Torben, Reggie, and all the others agreed on storing embedded KOffice Parts
and binary data (e.g. pictures, movies, sounds) via a simple tar.gz-structure.
The support class for the tar format is kdelibs/kio/ktar.*, written by Torben
and finished by David.

The obvious benefits of this type of storage are:
 - It's 100% non- proprietary as it uses only the already available formats
   (XML, pictures, tar.gz, ...) and tools (tar, gzip).
 - It enables anybody to edit the document directly; for instance, to update
   an image (faster than launching the application), or to write scripts
   that generate KOffice documents ! :)
 - It is also easy to write an import filter for any other office-suite
   application out there by reading the tar.gz file and extracting the XML out
   of it (at the worst, the user can extract the XML file by himself, but then
   the import loses embedded Parts and pictures).
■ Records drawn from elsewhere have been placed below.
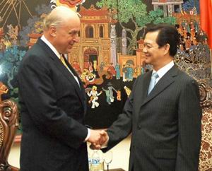 | | | Thủ tướng Nguyễn Tấn Dũng tiếp Thứ trưởng Ngoại giao Hoa Kỳ John Negroponte - Ảnh: Cổng TTĐT Chính phủ | Trong các cuộc tiếp xúc, hai bên đã trao đổi các vấn đề song phương cũng như các vấn đề quốc tế và khu vực cùng quan tâm. Hai bên nhất trí rằng quan hệ song phương giữa Việt Nam và Hoa Kỳ đã phát triển tích cực trên nhiều lĩnh vực, đem lại lợi ích cho nhân dân hai nước và đóng góp vào duy trì hòa bình, ổn định, hợp tác phát triển ở khu vực châu Á. Hai bên bày tỏ lạc quan về tương lai quan hệ hữu nghị và hợp tác giữa hai nước. Phía Hoa Kỳ đánh giá cao sự phát triển kinh tế - xã hội cũng như vị thế và vai trò tích cực của Việt Nam tại khu vực và trên trường quốc tế; cam kết Chính phủ Hoa Kỳ sẽ tiếp tục thực hiện chính sách phát triển quan hệ với Việt Nam. Thứ trưởng John Negroponte khẳng định Chính phủ Hoa Kỳ mong muốn tăng cường hợp tác với Chính phủ Việt Nam trên nhiều lĩnh vực, hỗ trợ hơn nữa cho Việt Nam trong các chương trình rà phá bom mìn, cung cấp thông tin về người Việt Nam mất tích trong chiến tranh và giải quyết hậu quả của chất độc da cam. Ông cũng bày tỏ cảm ơn sự hợp tác có hiệu quả của Việt Nam trong việc tìm kiếm người Mỹ mất tích trong chiến tranh (MIA). | | | Phó Thủ tướng Phạm Gia Khiêm tiếp Thứ trưởng Ngoại giao Hoa Kỳ John Negroponte -Ảnh: Cổng TTĐT Chính phủ | Phía Việt Nam đánh giá cao những nỗ lực của Chính phủ và Bộ Ngoại giao Hoa Kỳ trong việc tăng cường quan hệ và sự hợp tác giữa hai nước trong thời gian qua; cho rằng hai nước cần tiếp tục củng cố vững chắc và hiệu quả quan hệ đối tác hữu nghị, xây dựng, hợp tác nhiều mặt trên cơ sở tôn trọng lẫn nhau, bình đẳng và cùng có lợi đã được khẳng định trong ba bản Tuyên bố chung của lãnh đạo cấp cao hai nước. Thủ tướng Nguyễn Tấn Dũng cho rằng, hiện tại, các chương trình hành động của 4 nhóm công tác giữa Việt Nam và Hoa Kỳ về thương mại và đầu tư, giáo dục, đối phó với biến đổi khí hậu, nước biển dâng đang được hai bên triển khai cụ thể và thiết thực. Hai bên nhất trí sẽ tiếp tục trao đổi các biện pháp nhằm tạo điều kiện thuận lợi hơn cho các hoạt động ngoại giao của mỗi nước, tăng cường đối thoại để xây dựng lòng tin và xử lý các vấn đề hai bên còn khác biệt. Hoàng Minh |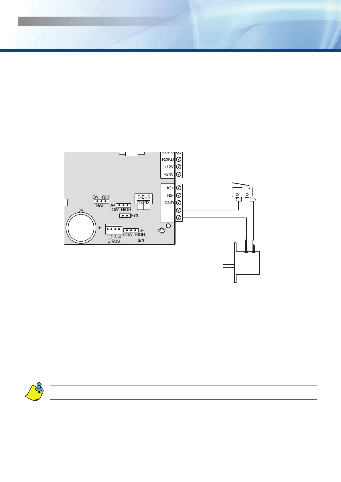 1. Connect one end of the supplied wire, the one with a log at each end, to the door tamper switch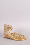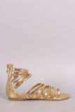 This flat sandal features a crinkled vegan leather upper, soft toe ring, strappy caged design vamp, lightly padded insole, and convenient back-zip closure.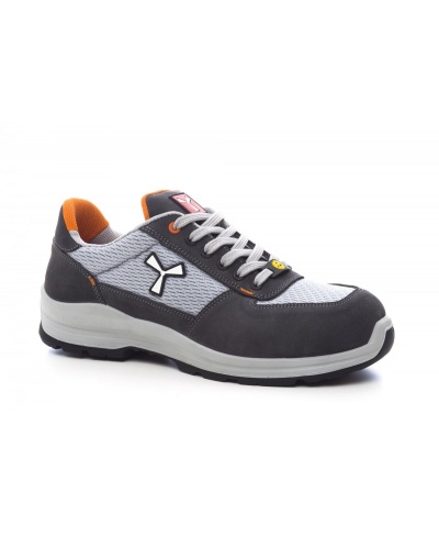 Men's low safety shoe, upper in water-repellent split leather with inserts in breathable technical fabric, inner lining (throughout the internal surface), breathable and resistant to abrasion, 6 + 6 metal-free eyelets, reflective insert in the heel guard, die-cast aluminium tip, Ortholite X40 016 ESD removable arch support, certified anti-puncture reinforced fabric insole, anti-torsion shank, horseshoe-shaped under-toe, ultra-light ESD polyurethane mid-sole, high tenacity and balanced density ESD polyether MASTER BALANCE cushioning, XTRAIL GRIP outsole in ESD TPU with heel and tip guard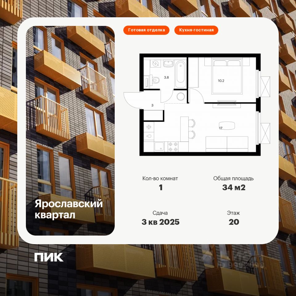 Продаётся 1-комн. квартира площадью 34 кв.м на 20 этаже 25 этажного дома (Корпус 1.2, Секция 1) проекта ПИК Ярославский квартал. Светлый просторный подъезд на уровне земли, функциональная планировка, большие окна, c отделкой.
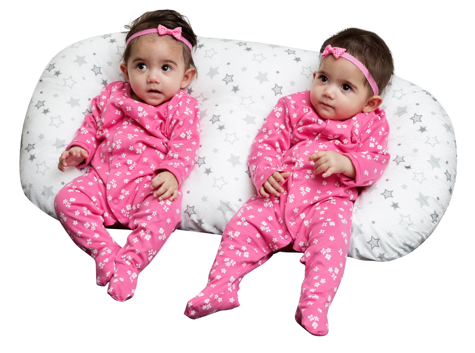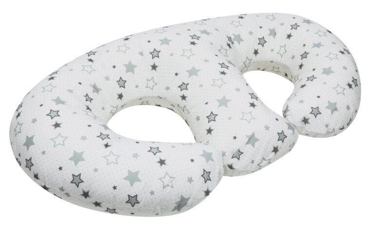 Our Twin nursing pillow is shaped to allow your twins to position themselves comfortably for feeding and take away strain and pressure from you. It can also be used as a sitting aid, and for tummy time as your little ones grow. This multi-use twin support pillow is a great buy, it comes with a silver star design cover, which can be removed and machine washed.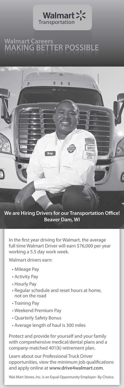 Share: Click to share on Facebook (Opens in new window) Facebook Tweet Click to email a link to a friend (Opens in new window) Email Click to print (Opens in new window) Print Positions Open: Drivers at Walmart Transportation Office in Beaver Dam December 14, 2013 Share: Click to share on Facebook (Opens in new window) Facebook Tweet Click to email a link to a friend (Opens in new window) Email Click to print (Opens in new window) Print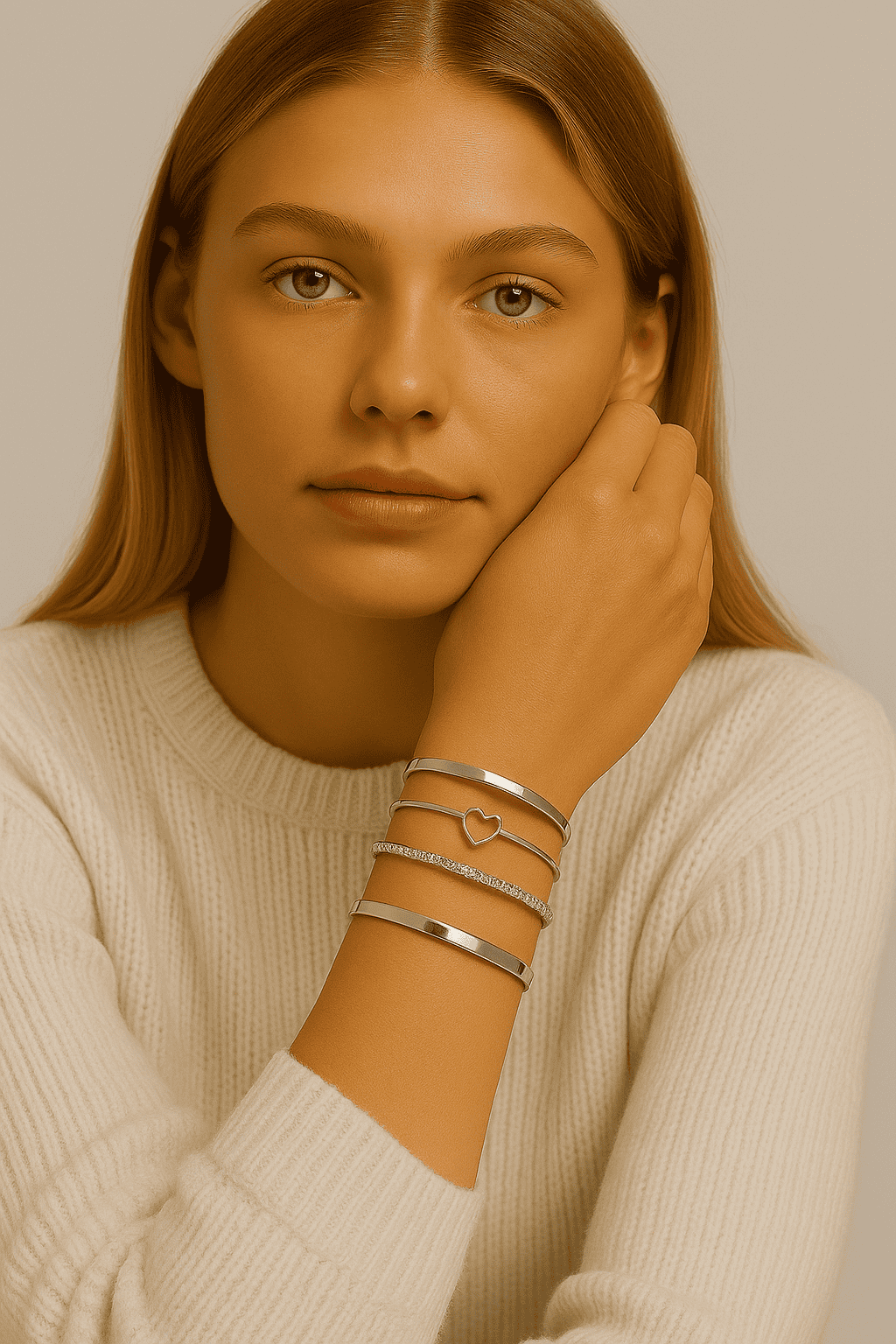 Féminin, délicat et lumineux – ce set de bracelets en métal argenté est un vrai coup de cœur pour celles qui aiment les bijoux fins à l’allure romantique. Il se compose de 4 joncs aux styles complémentaires : un bracelet orné d’un cœur ajouré, un modèle serti de strass scintillants et deux joncs brillants à l’effet miroir.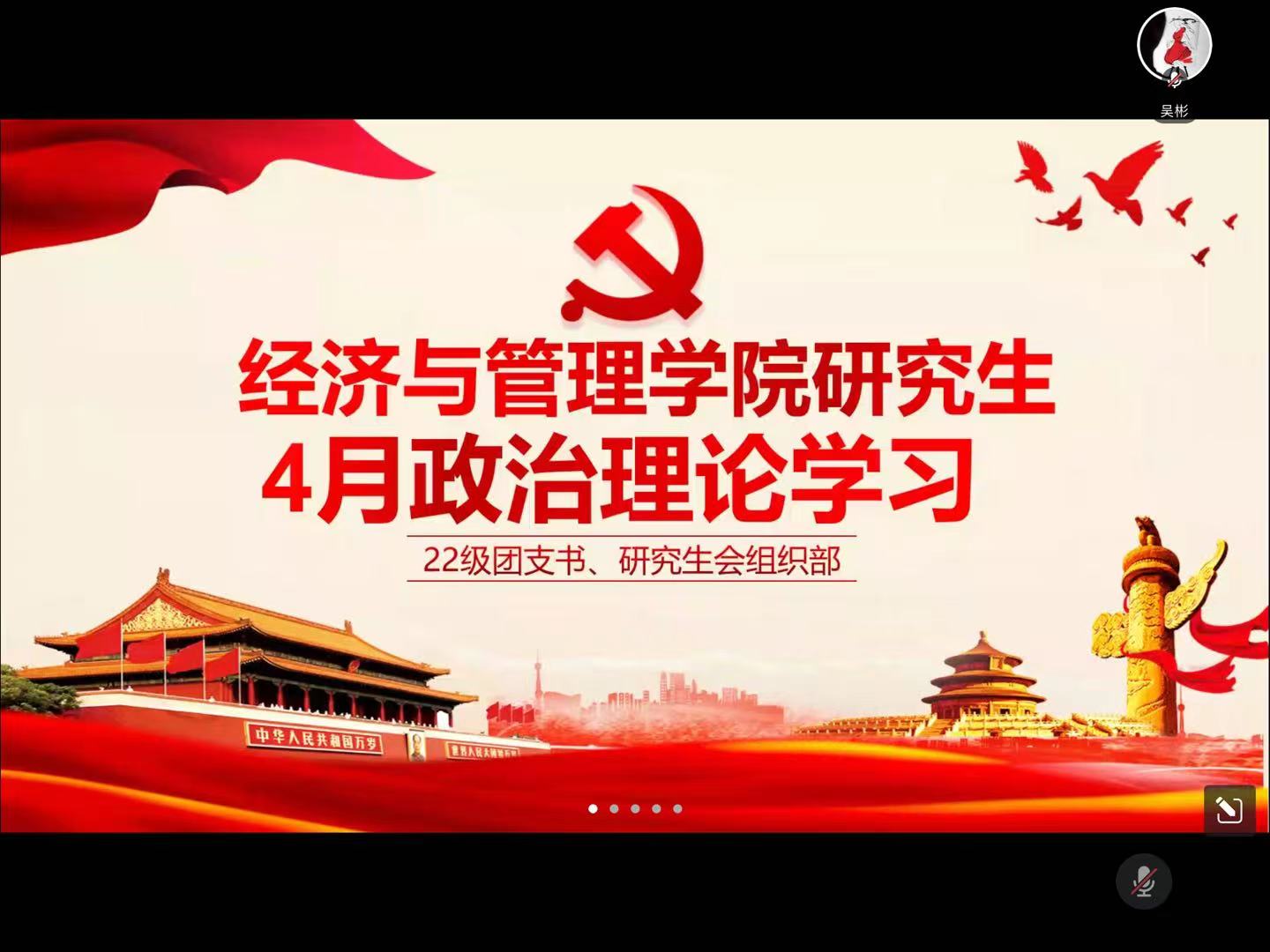 (通讯员:吴彬)为丰富研究生学习生活,加强对政治理论知识的掌握,4月20日晚7点,350vip浦京集团官网通过腾讯会议开展四月政治理论学习活动。本次活动由研究生会组织部及22级团支书组织,全体研究生参与活动。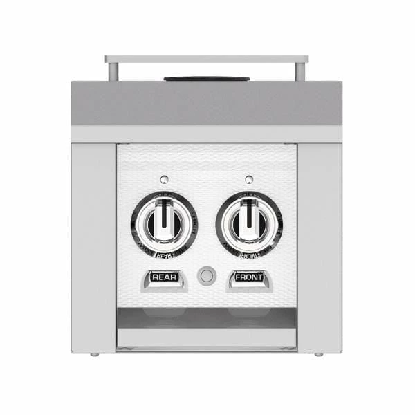 The Hestan double side burner can be built into your outdoor kitchen island or mounted on your Hestan freestanding grill cart. It offers a 20,000 BTU and 10,000 BTU burner so you can handle any sauce, stock, or side dish while you grill.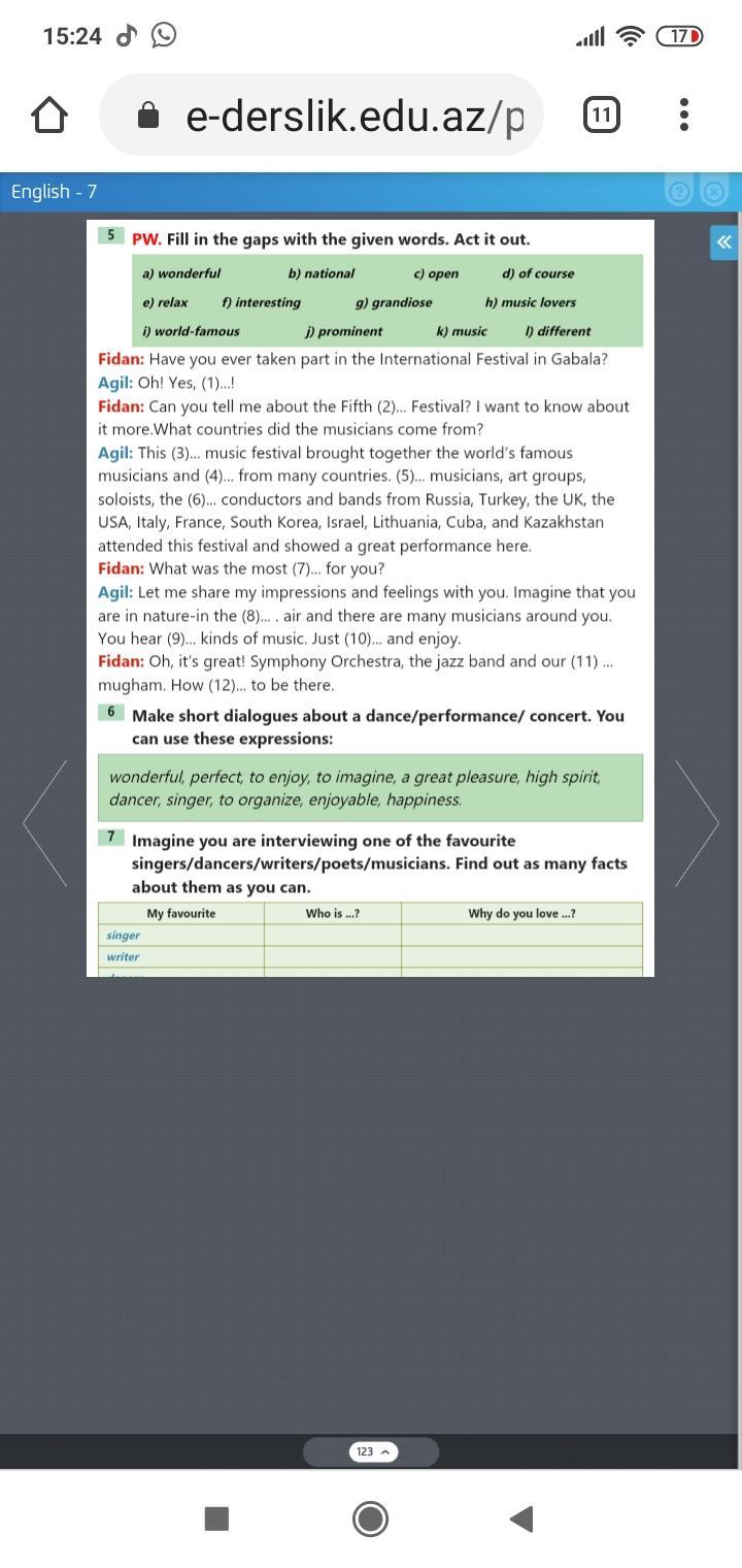 1 of course 2 music 3 grandiose 4 music lovers 5 Prominent 6 word-famous 7 interesting 8 open 9 different 10 relax 11 national 12 wonderful

The tar.gz format also generates much smaller files than the old binary
store, since everything's gzipped.

Name of the KOffice Files
-------------------------

As some people suggested, using a "tgz"-ending is confusing; it's been dropped.
Instead, we use the "normal" endings like ".kwd", ".ksp", ".kpr", etc. To recognize
KOffice documents without a proper extension David Faure <faure@kde.org>
added some magic numbers to the gzip header (to see what I'm talking about
please use the "file" command on a KOffice document or see
http://lists.kde.org/?l=koffice-devel&m=98609092618214&w=2);

External Structure
------------------

Here is a simple example to demonstrate the structure of a KOffice document.
Assume you have to write a lab-report. You surely will have some text, the
readings, some formulas and a few pictures (e.g. circuit diagram,...).
The main document will be a KWord-file. In this file you embed some KSpread-
tables, some KChart-diagramms, the KFormulas, and some picture-frames. You save
the document as "lab-report.kwd". Here is what the contents of the
tar.gz file will look like :

lab-report.kwd:
---------------
maindoc.xml                 -- The main XML file containing the KWord document.
documentinfo.xml            -- Author and other "metadata" for KWord document.
pictures/                   -- Pictures embedded in the main KWord document.
pictures/picture0.jpg
pictures/picture1.bmp
cliparts/                   -- Cliparts embedded in the main KWord document.
cliparts/clipart0.wmf
part0/maindoc.xml           -- for instance a KSpread embedded table.
part0/documentinfo.xml      -- Author and other "metadata" for KSpread table.
part0/part1/maindoc.xml     -- say a KChart diagram within the KSpread table.
part1/maindoc.xml           -- say a KChart diagram.
part2/maindoc.xml           -- why not a KIllustrator drawing.
part2/pictures/             -- Pictures embedded in the KIllustrator document.
part2/pictures/picture0.jpg
part2/pictures/picture1.bmp
part2/cliparts/             -- Cliparts embedded in the KIllustrator document.
part2/cliparts/clipart0.wmf
...

Internal Name
-------------

The API provided by this specification does not require application writers or
filter writers to know the details of the external structure:

root                    is saved as maindoc.xml
documentinfo.xml        is saved as documentinfo.xml
tar:/0                  is saved as part0/maindoc.xml
tar:/0/documentinfo.xml is saved as part0/documentinfo.xml
tar:/0/1                is saved as part0/part1/maindoc.xml
tar:/0/1/pictures/picture0.png
                        is saved as part0/part1/pictures/picture0.png
tar:/Table1/0           is saved as Table1/part0/maindoc.xml

Note that this is the structure as of version 2.2 of this specification. The only
other format shipped with KDE2.0 is converted (on reading) to look like this
through the services of the "Internal Name".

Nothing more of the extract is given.